TASK DIRECTIONS: Return the data below in full and exactly, except that the pictures are dropped.

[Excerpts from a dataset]
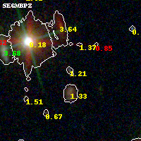 Object #529 x,y = (3655, 2280) RA, Dec = (09:11:07.752, 17:46:42.96) = (137.78230, 17.77860) BPZ = 1.208 [0.153--3.422] type = 9.60 (SB3_B10 - SB2_B10) chisq2 = 0.87 ODDS = 0.21 z_cluster = 0.505
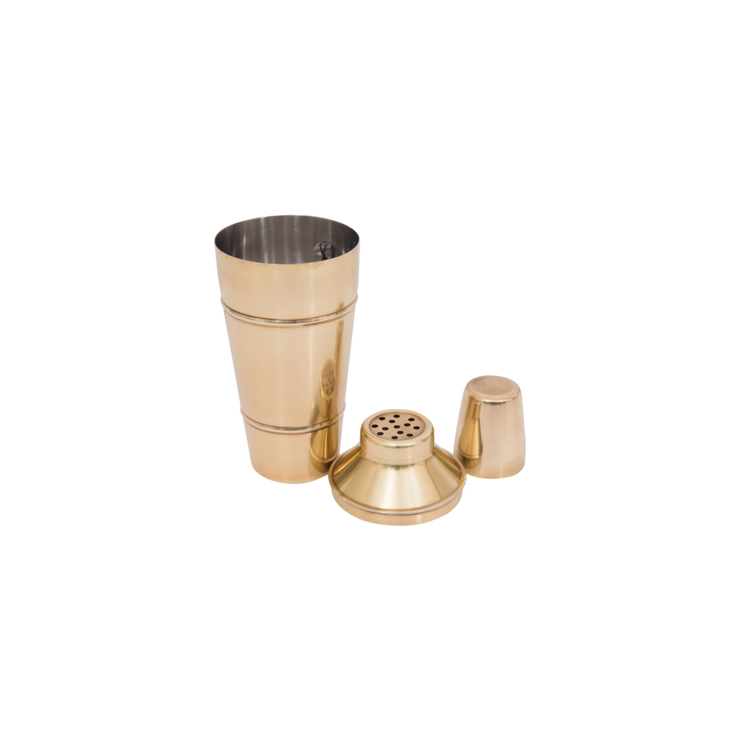 Catalog Name: 3-1/2" Round x 10"H 24 oz. Stainless Steel Cocktail Shaker, Brass Finish
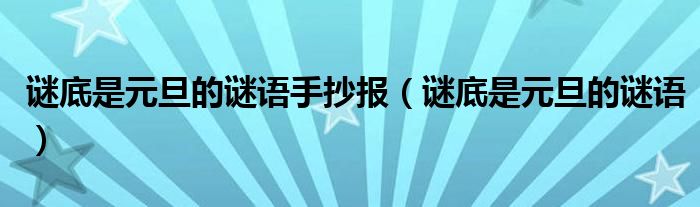 大家好,小晋来为大家解答以下问题,关于谜底是元旦的谜语手抄报,谜底是元旦的谜语很多人还不知道,今天让我们一起来看看吧!
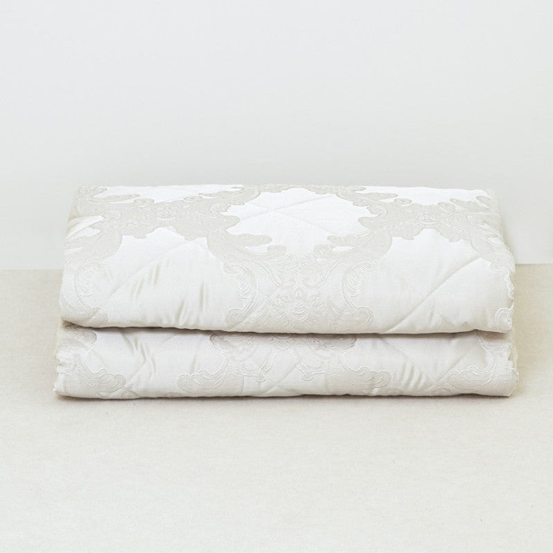 Trapuntino in tessuto raso operato manoseta. Realizzato artigianalmente e 100% Made in Italy.
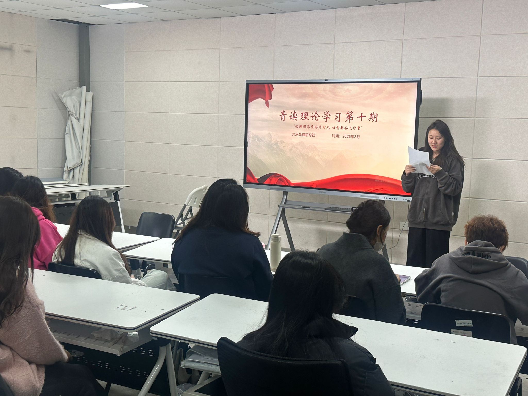 通过每次青春理论学习会,希望能够激发同学们的责任感和使命感,让他们在时代精神的引领下不断成长。未来,艺术先锋研习社还将继续开展形式多样的学习活动,为同学们提供更多学习和交流的平台,助力他们在思想和行动上不断进步,成为有理想、敢担当、能吃苦、肯奋斗的新时代好青年 。(艺术设计学院 高扬/文图 蔡媛媛/推荐 彭曼/审核)
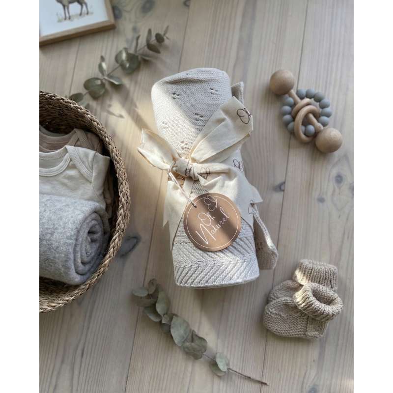 Det elegante babytæppe fra Oh’Naturel forener bæredygtighed, kvalitet og æstetik i et tidløst udtryk. Tæppet er strikket i 100% GOTS-certificeret bomuld og er derfor blødt mod sart hud og fremstillet under ansvarlige forhold. Størrelsen på 80×100 cm gør det alsidigt i hverdagen: et lunt lag i tremmesengen, en tryg makker til barnevognen og en hyggelig ledsager på sofaen. Det fine hulmønster giver et let, luftigt fald og bidrager til god åndbarhed, så barnet holdes behageligt tempereret året rundt.
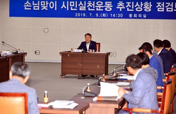 광주광역시는 9일 시청 중회의실에서 정종제 행정부시장 주재로 세계수영대회 ‘손님맞이 시민실천 운동 추진상황 점검 보고회’를 개최했다.
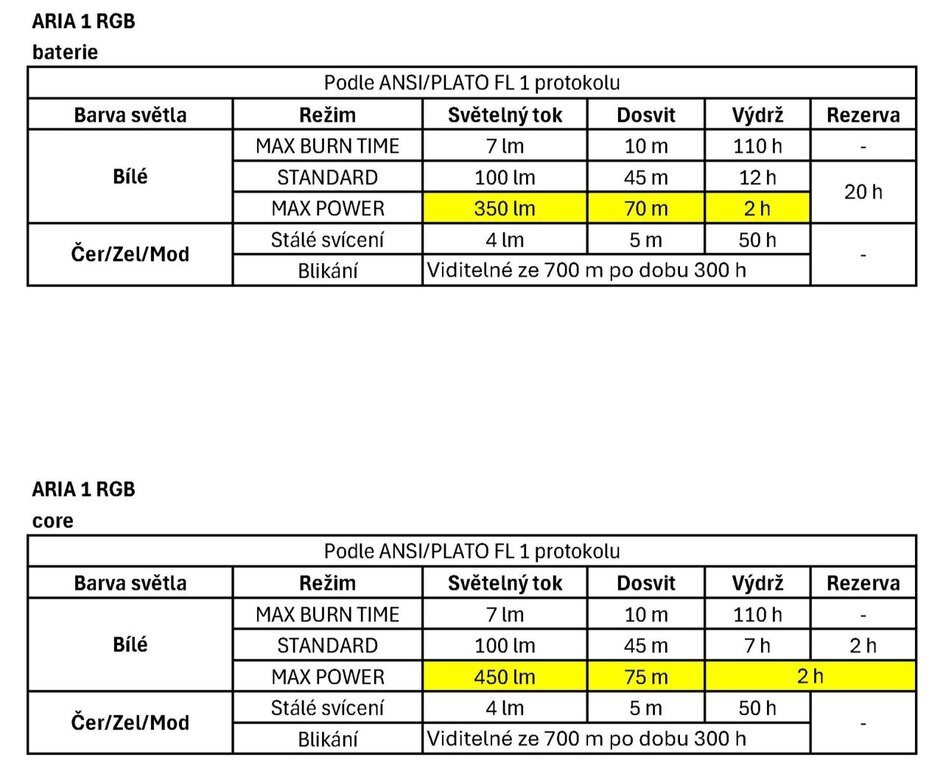Aria 1R RGB používá široký a rovnoměrný kužel světla, který dobře osvítí prostor před uživatelem bez ostrých přechodů. To ocení každý při práci na krátkou vzdálenost, kdy je potřeba mít přehled o detailech. K dispozici jsou tři režimy bílého světla, které umožňují volit mezi delší výdrží nebo vyšším výkonem podle aktuální potřeby.
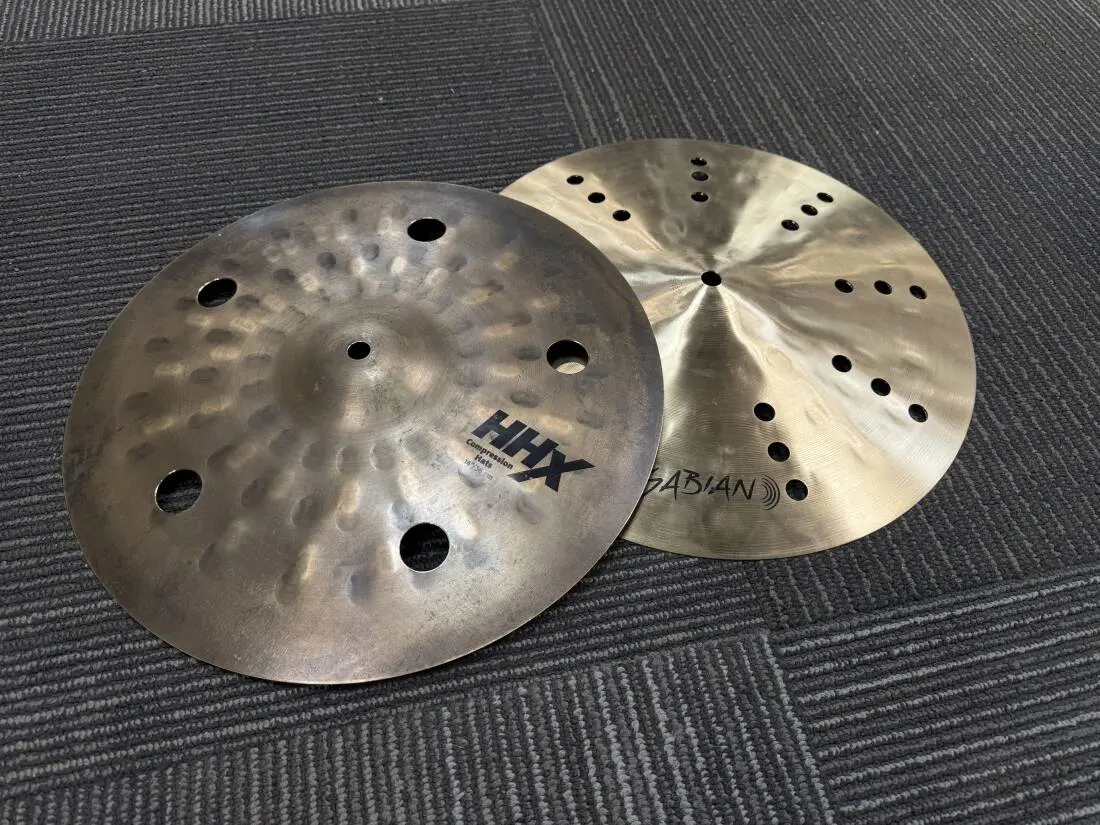 This pairing is a combination of an un-lathed, aggressively hammered medium weight top, with 5 one-inch air holes. The bottom is fully lathed and heavy, with Sabian's Aero hole design. The holes in both the top and bottom result in a loud foot chick, with a trashy slap effect. Overall, the sound has a metallic/industrial type attack, and a trashy sizzle effect when played slightly open. Definitely a progressive sounding pair of hi hats.
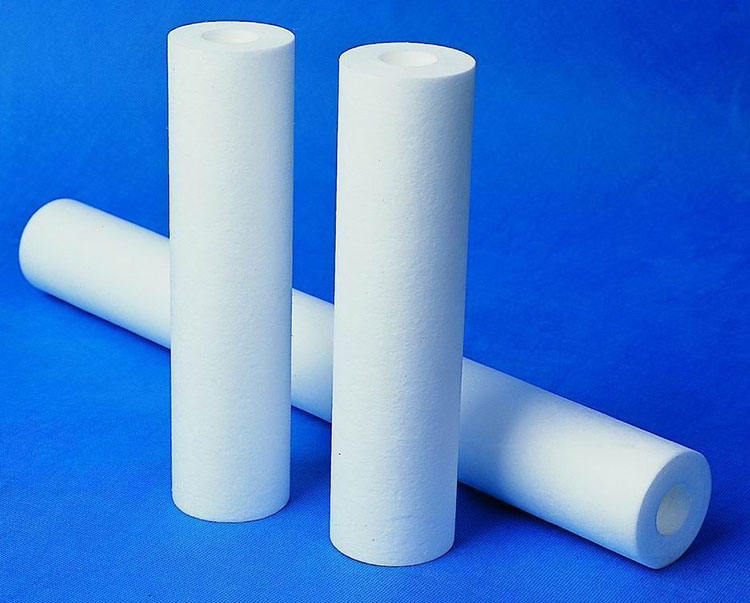 PP棉濾芯:采用無毒無味的聚丙烯顆粒,經加熱、熔融、紡絲、牽引、接收等工序纏繞粘結而成的管狀濾芯。濾芯的結構由外向內,越靠近濾芯內層,孔徑越小,過濾精度越高。聚丙烯棉濾芯具有流量大、耐腐蝕、耐高壓、成本低等特點,主要用于阻隔水中的鐵銹、泥沙、懸浮物等大顆粒物。

EXERCISE RESPONSE:
 Object #529 x,y = (3655, 2280) RA, Dec = (09:11:07.752, 17:46:42.96) = (137.78230, 17.77860) BPZ = 1.208 [0.153--3.422] type = 9.60 (SB3_B10 - SB2_B10) chisq2 = 0.87 ODDS = 0.21 z_cluster = 0.505
 Catalog Name: 3-1/2" Round x 10"H 24 oz. Stainless Steel Cocktail Shaker, Brass Finish
 大家好,小晋来为大家解答以下问题,关于谜底是元旦的谜语手抄报,谜底是元旦的谜语很多人还不知道,今天让我们一起来看看吧!
 Trapuntino in tessuto raso operato manoseta. Realizzato artigianalmente e 100% Made in Italy.
 通过每次青春理论学习会,希望能够激发同学们的责任感和使命感,让他们在时代精神的引领下不断成长。未来,艺术先锋研习社还将继续开展形式多样的学习活动,为同学们提供更多学习和交流的平台,助力他们在思想和行动上不断进步,成为有理想、敢担当、能吃苦、肯奋斗的新时代好青年 。(艺术设计学院 高扬/文图 蔡媛媛/推荐 彭曼/审核)
 Det elegante babytæppe fra Oh’Naturel forener bæredygtighed, kvalitet og æstetik i et tidløst udtryk. Tæppet er strikket i 100% GOTS-certificeret bomuld og er derfor blødt mod sart hud og fremstillet under ansvarlige forhold. Størrelsen på 80×100 cm gør det alsidigt i hverdagen: et lunt lag i tremmesengen, en tryg makker til barnevognen og en hyggelig ledsager på sofaen. Det fine hulmønster giver et let, luftigt fald og bidrager til god åndbarhed, så barnet holdes behageligt tempereret året rundt.
 광주광역시는 9일 시청 중회의실에서 정종제 행정부시장 주재로 세계수영대회 ‘손님맞이 시민실천 운동 추진상황 점검 보고회’를 개최했다.
Aria 1R RGB používá široký a rovnoměrný kužel světla, který dobře osvítí prostor před uživatelem bez ostrých přechodů. To ocení každý při práci na krátkou vzdálenost, kdy je potřeba mít přehled o detailech. K dispozici jsou tři režimy bílého světla, které umožňují volit mezi delší výdrží nebo vyšším výkonem podle aktuální potřeby.
 This pairing is a combination of an un-lathed, aggressively hammered medium weight top, with 5 one-inch air holes. The bottom is fully lathed and heavy, with Sabian's Aero hole design. The holes in both the top and bottom result in a loud foot chick, with a trashy slap effect. Overall, the sound has a metallic/industrial type attack, and a trashy sizzle effect when played slightly open. Definitely a progressive sounding pair of hi hats.
 PP棉濾芯:采用無毒無味的聚丙烯顆粒,經加熱、熔融、紡絲、牽引、接收等工序纏繞粘結而成的管狀濾芯。濾芯的結構由外向內,越靠近濾芯內層,孔徑越小,過濾精度越高。聚丙烯棉濾芯具有流量大、耐腐蝕、耐高壓、成本低等特點,主要用于阻隔水中的鐵銹、泥沙、懸浮物等大顆粒物。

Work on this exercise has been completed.